Non-Perturbative Electron Dynamics: Making TDDFT as Reliable as it is in the Response Regime

Time-dependent density functional theory (TDDFT) is ubiquitous in calculations of electronic spectra and dynamics but, with the commonly-used adiabatic approximation, is not always reliable. Going beyond the adiabatic approximation has proven challenging, especially in the non-perturbative regime, while there has been some progress in the response regime for particular cases where non-adiabaticity is important (e.g. double-excitations, relaxation/viscosity). Here, we show that an in-principle exact reformulation of TDDFT exists, requiring exchange-correlation functionals only from ground-state, linear, and quadratic response regimes, in which fully non-perturbative electron dynamics can be captured. Because the functional is evaluated in a domain closer to the one in which adiabatic approximations are derived, the results in this response-reformulated TDDFT (RR-TDDFT) are far more accurate than those obtained from time-dependent Kohn-Sham equations using the same functional approximation. We show that phenomena like Rabi oscillations and dipole-switching, long thought to be out of reach for TDDFT, can be accurately captured in RR-TDDFT, and that it resolves unphysical instabilities that had previously been a puzzle to interpret.
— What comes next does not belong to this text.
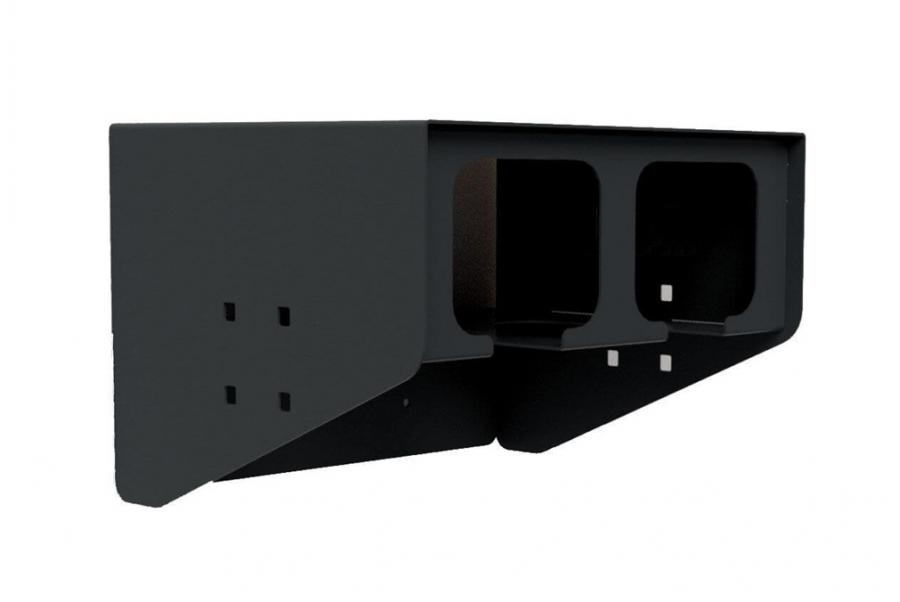 Egy robusztus fali tartó 2 elektromos behajtó, vagy például pneumatikus szerszám számára. A tartó felső része tökéletesen funkcionál akkumulátortöltő platformként is. Ellenálló fémből készült, tartós porfesték bevonattal.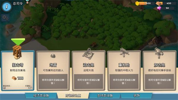 玩家在海岛上建造自己的民房、兵营、炮塔、采石场、木材场等建筑设施,并为这些设施装备机枪、大炮、火箭发射器等武器装备,足以让玩家正真的创造属于自己的海岛世界。

Further, RR-TDDFT enables exchange-correlation functional developments in the response regime beyond the adiabatic approximation, which have so far been more successful than those in the non-linear regime, to be exploited for non-perturbative dynamics, thus significantly broadening their range of applications, and we show that dressed TDDFT for double-excitations can now be used to describe fully non-perturbative dynamics that access states of double-excitation character.